## Exercise data
↓↓↓
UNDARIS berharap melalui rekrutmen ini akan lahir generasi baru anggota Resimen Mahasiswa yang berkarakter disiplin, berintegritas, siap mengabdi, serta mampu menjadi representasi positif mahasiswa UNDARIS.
↑↑↑
↓↓↓
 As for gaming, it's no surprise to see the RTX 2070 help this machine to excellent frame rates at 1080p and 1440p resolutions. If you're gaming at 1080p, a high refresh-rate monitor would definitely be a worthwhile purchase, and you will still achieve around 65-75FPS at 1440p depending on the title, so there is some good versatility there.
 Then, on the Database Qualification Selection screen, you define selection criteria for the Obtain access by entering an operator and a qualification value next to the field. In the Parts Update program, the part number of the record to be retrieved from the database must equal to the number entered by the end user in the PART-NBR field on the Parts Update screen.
↑↑↑
↓↓↓
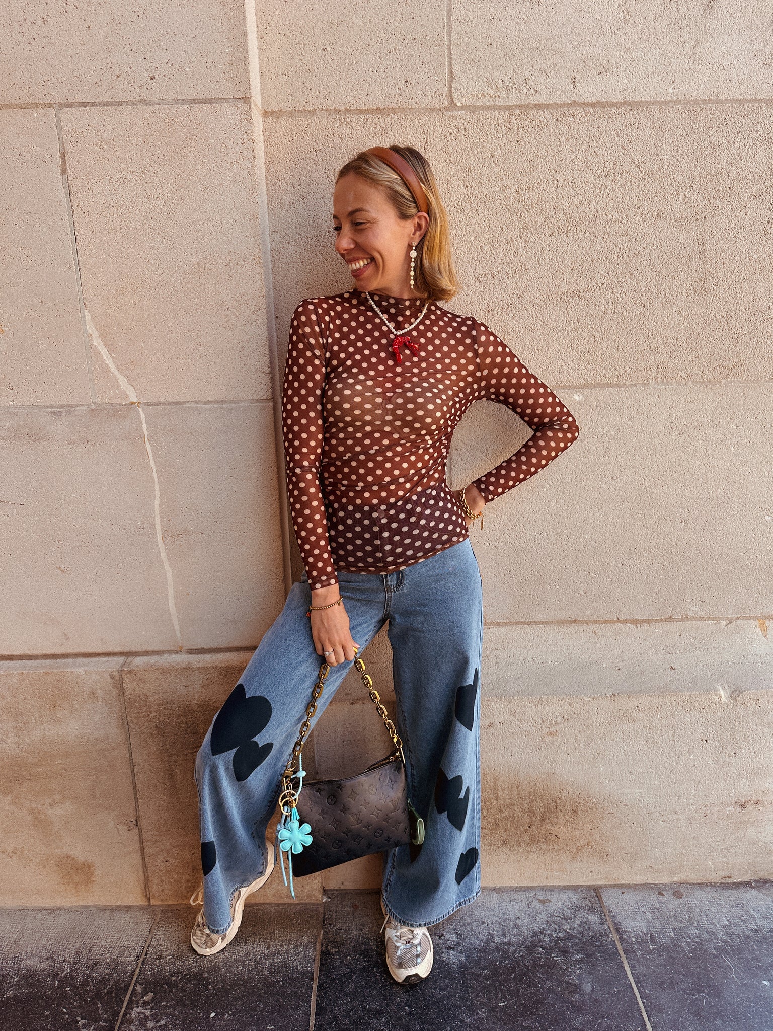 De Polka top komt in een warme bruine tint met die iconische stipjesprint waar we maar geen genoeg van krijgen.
↑↑↑
## About this task
Which lines run from the one holding "As for gaming, it's" through the one holding "Then, on the" in the records above? Repeat them exactly, both included, and nothing more.

## Answer box
 As for gaming, it's no surprise to see the RTX 2070 help this machine to excellent frame rates at 1080p and 1440p resolutions. If you're gaming at 1080p, a high refresh-rate monitor would definitely be a worthwhile purchase, and you will still achieve around 65-75FPS at 1440p depending on the title, so there is some good versatility there.
 Then, on the Database Qualification Selection screen, you define selection criteria for the Obtain access by entering an operator and a qualification value next to the field. In the Parts Update program, the part number of the record to be retrieved from the database must equal to the number entered by the end user in the PART-NBR field on the Parts Update screen.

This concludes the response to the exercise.